Pole work can be used on a daily basis to “Injury Proof” your horse and is ideal for building strength and for rehabilitation cases. Frequent use of this training can also rebuild neuromuscular pathways that have become misused. Correct movement patterns repeated will retrain the brain to remember the movement patterns.

The pole work exercises are best used in hand and in walk to begin with, as this is far more difficult and highlights where the horse is struggling. (If the horse struggles to perform the exercises in walk, they won’t do them very well in trot either!)



  • Walk is by far the most effective pace to perform the groundwork/pole work in as there is no moment of suspension (unlike trot/canter), so each movement is achieved through muscular effort.
  • Always, always warm your horse up for 10 mins before you begin with the poles. Working your horse in hand around the poles is a great way to achieve this.
  • The closer the poles are together (if the horse is going over them), the more the horse must “sit” and push from behind. Alternatively, the further away the poles are set apart, the more the horse has to increase the length of his stride.
  • Working your horse over or around poles in hand and without a rider or saddle allows the horse to move through his back and core without restriction or possible hinderance from the rider. It is also beneficial for the handler to see how the horse is moving from the ground.
  • Remember, less is more!! You are better doing 4-5 lighter sessions throughout the week rather than 1 big, tiring session.

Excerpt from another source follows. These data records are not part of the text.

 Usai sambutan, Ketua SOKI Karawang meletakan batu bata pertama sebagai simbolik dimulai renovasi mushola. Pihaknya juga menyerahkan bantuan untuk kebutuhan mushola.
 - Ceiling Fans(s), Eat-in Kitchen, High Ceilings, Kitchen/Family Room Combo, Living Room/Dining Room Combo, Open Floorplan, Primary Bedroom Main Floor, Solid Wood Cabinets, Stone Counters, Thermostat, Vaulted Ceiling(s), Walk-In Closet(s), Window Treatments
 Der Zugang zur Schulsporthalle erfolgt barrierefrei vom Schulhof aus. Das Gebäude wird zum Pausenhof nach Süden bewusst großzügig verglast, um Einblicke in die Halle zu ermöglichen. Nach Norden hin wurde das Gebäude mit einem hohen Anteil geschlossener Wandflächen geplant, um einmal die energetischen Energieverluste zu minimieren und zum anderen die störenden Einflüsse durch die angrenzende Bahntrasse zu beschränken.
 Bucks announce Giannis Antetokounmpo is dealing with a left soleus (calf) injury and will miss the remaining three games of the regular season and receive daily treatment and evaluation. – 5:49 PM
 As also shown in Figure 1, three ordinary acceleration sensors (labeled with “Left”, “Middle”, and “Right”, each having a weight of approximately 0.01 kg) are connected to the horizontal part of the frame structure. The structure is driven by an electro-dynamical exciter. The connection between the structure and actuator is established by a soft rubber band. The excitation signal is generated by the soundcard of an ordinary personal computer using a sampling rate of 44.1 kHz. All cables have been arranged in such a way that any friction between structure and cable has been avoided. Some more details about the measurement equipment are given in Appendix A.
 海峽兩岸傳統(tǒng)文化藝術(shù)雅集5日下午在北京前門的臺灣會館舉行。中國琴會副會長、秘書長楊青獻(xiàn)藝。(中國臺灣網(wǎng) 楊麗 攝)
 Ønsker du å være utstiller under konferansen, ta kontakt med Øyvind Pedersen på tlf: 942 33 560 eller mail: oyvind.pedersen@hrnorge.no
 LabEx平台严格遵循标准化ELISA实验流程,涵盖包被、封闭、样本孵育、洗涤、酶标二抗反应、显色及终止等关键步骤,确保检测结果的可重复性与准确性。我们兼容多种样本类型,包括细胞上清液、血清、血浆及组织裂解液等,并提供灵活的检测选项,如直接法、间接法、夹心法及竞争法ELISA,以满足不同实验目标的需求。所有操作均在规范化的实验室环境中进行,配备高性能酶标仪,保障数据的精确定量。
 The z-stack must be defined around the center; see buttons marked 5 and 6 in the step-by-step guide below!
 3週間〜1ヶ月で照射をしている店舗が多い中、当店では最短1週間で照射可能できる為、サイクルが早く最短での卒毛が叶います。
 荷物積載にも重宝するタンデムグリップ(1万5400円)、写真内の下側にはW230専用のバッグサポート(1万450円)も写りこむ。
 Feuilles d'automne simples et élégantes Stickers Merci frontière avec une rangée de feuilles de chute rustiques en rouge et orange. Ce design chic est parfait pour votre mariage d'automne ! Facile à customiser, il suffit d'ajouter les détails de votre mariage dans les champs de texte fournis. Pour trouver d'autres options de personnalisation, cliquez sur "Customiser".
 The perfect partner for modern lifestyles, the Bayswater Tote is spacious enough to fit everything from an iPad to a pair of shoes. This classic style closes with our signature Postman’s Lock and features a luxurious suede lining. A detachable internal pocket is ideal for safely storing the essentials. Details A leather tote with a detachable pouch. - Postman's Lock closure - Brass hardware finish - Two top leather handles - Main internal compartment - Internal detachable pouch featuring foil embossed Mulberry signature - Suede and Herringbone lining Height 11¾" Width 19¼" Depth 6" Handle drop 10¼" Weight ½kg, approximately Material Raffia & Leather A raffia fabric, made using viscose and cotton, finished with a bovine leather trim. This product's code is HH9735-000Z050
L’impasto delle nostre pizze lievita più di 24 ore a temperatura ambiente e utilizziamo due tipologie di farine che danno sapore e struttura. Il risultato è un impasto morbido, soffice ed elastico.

You’ll be surprised how both physically and mentally tiring this type of work is for the horse.
  • Repeat exercises equally on both reins and learn to lead your horse from both sides, this is really important.
  • Always allow a stretch and small break between exercises for your horse to “process” what he has just done.
  • Please don’t be tempted to use gadgets, your horse doesn’t need them, he will learn to balance himself without and will be able to make use of his whole body without interference.
  • Always remember to cool down afterwards, again, working your horse around the poles to finish is ideal.